**Assigned task**
From the line with "A quelques mètres" through the line with "Junto a Xabier", repeat the entries verbatim, both end lines included, and add nothing.

Source data: Begin

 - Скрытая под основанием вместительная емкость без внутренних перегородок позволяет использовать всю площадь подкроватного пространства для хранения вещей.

Source data: End
Source data: Begin

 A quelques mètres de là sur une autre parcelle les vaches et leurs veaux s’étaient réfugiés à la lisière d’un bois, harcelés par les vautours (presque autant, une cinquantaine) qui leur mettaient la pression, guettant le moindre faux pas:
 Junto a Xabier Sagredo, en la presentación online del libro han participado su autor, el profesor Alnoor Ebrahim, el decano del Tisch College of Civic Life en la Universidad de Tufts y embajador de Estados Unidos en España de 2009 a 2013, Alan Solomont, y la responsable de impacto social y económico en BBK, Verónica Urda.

Source data: End

**Solution for this task**
 A quelques mètres de là sur une autre parcelle les vaches et leurs veaux s’étaient réfugiés à la lisière d’un bois, harcelés par les vautours (presque autant, une cinquantaine) qui leur mettaient la pression, guettant le moindre faux pas:
 Junto a Xabier Sagredo, en la presentación online del libro han participado su autor, el profesor Alnoor Ebrahim, el decano del Tisch College of Civic Life en la Universidad de Tufts y embajador de Estados Unidos en España de 2009 a 2013, Alan Solomont, y la responsable de impacto social y económico en BBK, Verónica Urda.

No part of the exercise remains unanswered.